WORK TASK:
Would you transcribe only the lines below, from the one containing "普陀山4日3晚(0自费0购物" through the end of the material, exactly and with no pictures?

DATA SECTION:
◇ ◇ ◇

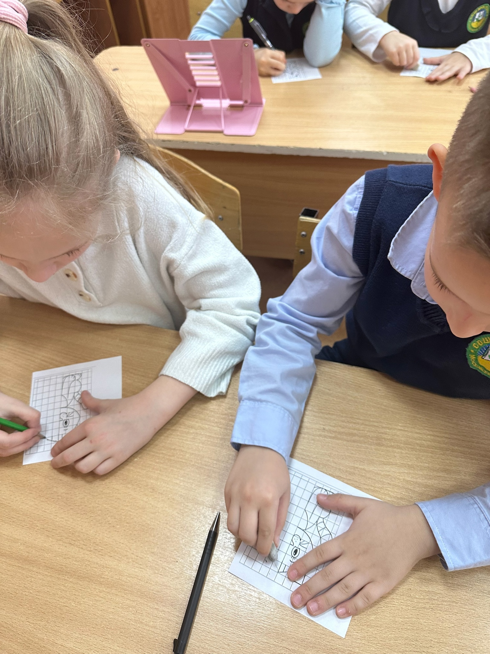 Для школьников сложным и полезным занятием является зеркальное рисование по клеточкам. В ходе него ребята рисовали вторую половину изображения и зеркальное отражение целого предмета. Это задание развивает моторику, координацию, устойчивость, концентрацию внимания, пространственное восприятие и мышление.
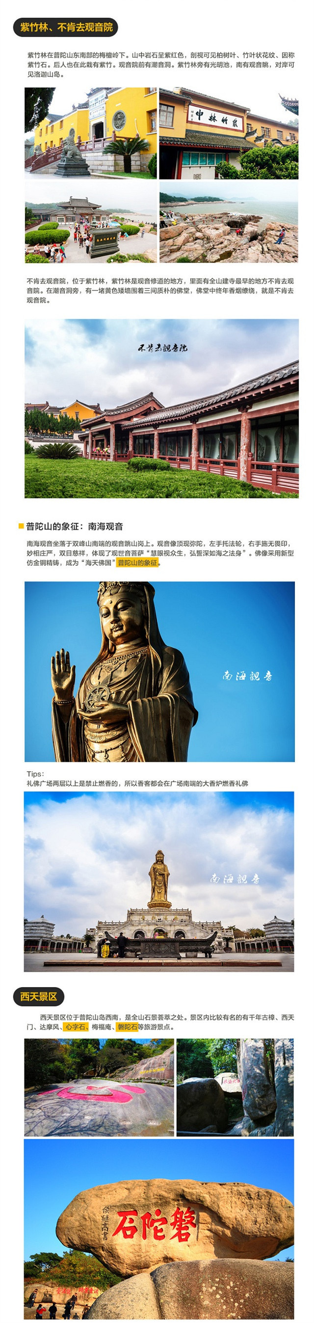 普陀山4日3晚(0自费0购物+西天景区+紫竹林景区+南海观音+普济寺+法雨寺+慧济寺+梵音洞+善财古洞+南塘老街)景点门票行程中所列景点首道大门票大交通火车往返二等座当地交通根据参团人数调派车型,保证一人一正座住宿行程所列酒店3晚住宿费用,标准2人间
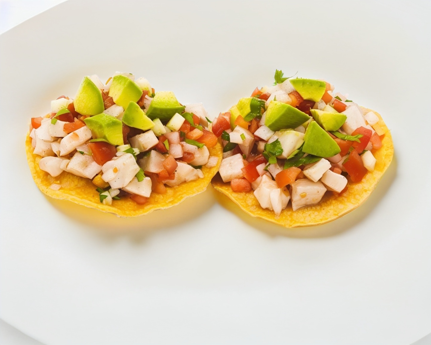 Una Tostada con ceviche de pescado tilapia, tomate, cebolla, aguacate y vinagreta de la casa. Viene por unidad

◇ ◇ ◇

ANSWER TO THE EXERCISE:
 普陀山4日3晚(0自费0购物+西天景区+紫竹林景区+南海观音+普济寺+法雨寺+慧济寺+梵音洞+善财古洞+南塘老街)景点门票行程中所列景点首道大门票大交通火车往返二等座当地交通根据参团人数调派车型,保证一人一正座住宿行程所列酒店3晚住宿费用,标准2人间
 Una Tostada con ceviche de pescado tilapia, tomate, cebolla, aguacate y vinagreta de la casa. Viene por unidad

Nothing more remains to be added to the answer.